Kau datang, ucap Arga, memecah keheningan. Ia duduk bersandar di kursi kulit hitamnya. Suaranya terdengar tenang, namun setiap kata yang diucapkannya terasa seperti tekanan yang tak terlihat. Aku hanya ingin memastikan... semuanya baik-baik saja di antara kita.

Hana menggenggam tasnya erat-erat, jantungnya berdegup kencang. Ia tahu ini jebakan. Ya... semuanya baik-baik saja, jawabnya, suaranya terdengar rapuh meski ia berusaha menyembunyikannya.

Arga menatap Hana dengan tatapan yang dalam dan lama, keheningannya lebih terasa menekan daripada kata-kata. Kemudian, ia meletakkan sebuah dokumen di atas meja. Dokumen ini ditemukan di meja kerjamu. Entah siapa yang meninggalkannya. Apakah ini milikmu?

Hana menelan ludah. Dokumen itu hanyalah selembar kertas kosong, tetapi maksud Arga jelas. Ia sedang menguji reaksinya. Hana harus tetap tenang. Ia menggelengkan kepala pelan. Tidak, itu bukan milikku.

Arga tersenyum tipis, namun matanya tetap tajam. Hana... kau harus tahu, aku bisa melihat setiap gerak-gerikmu. Setiap kebohongan, setiap ketakutan. Jadi, berhati-hatilah.

Hana menunduk, merasakan dirinya seolah berdiri di tepi jurang. Setiap kata yang diucapkan Arga terasa seperti tumpukan batu besar yang menekan dadanya. Ia sadar, satu langkah yang salah bisa menghancurkan segalanya, termasuk rencana Radit.

***

Di tempat lain, Radit memantau situasi dari kejauhan. Ia duduk di dalam mobil tua, menatap layar ponselnya yang menampilkan gambar dari kamera kecil yang tersembunyi. Ia melihat Hana berada di dalam kantor, Arga duduk di kursi kulit hitamnya, percakapan mereka terekam dengan jelas. Radit menelan ludah. Ia bisa merasakan Arga semakin curiga. Waktu untuk bertindak semakin sempit.

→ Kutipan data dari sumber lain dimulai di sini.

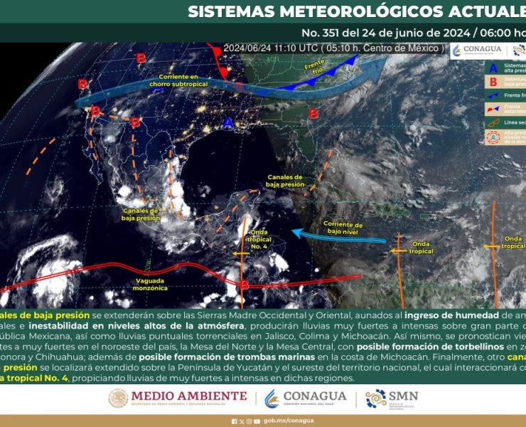 El Servicio Meteorológico Nacionaldía {SMN), canales de baja presión se extenderán sobre la Sierras Madre Occidental…

Hana duduk di kursi tamu, berusaha mengatur napasnya. Jantungnya berdegup kencang, otaknya berputar cepat. Ia harus menjaga jarak aman, namun juga mencari celah. *Jika aku salah langkah, tamatlah riwayatku*, pikirnya. Di sisi lain, bukti yang ada di dalam tasnya harus sampai ke tangan yang tepat.

Arga tiba-tiba bangkit dari kursinya dan berjalan mendekat. Hana menegang. Setiap langkahnya terdengar seperti gema di ruangan yang sunyi itu.

Kau tahu, Hana, aku bisa saja mengambil dokumen itu dari tasmu tanpa sepengetahuanmu. Tapi aku tidak melakukannya, kata Arga sambil tersenyum tipis. Karena aku ingin kau memilih sendiri... apakah kau setia padaku, atau berkhianat.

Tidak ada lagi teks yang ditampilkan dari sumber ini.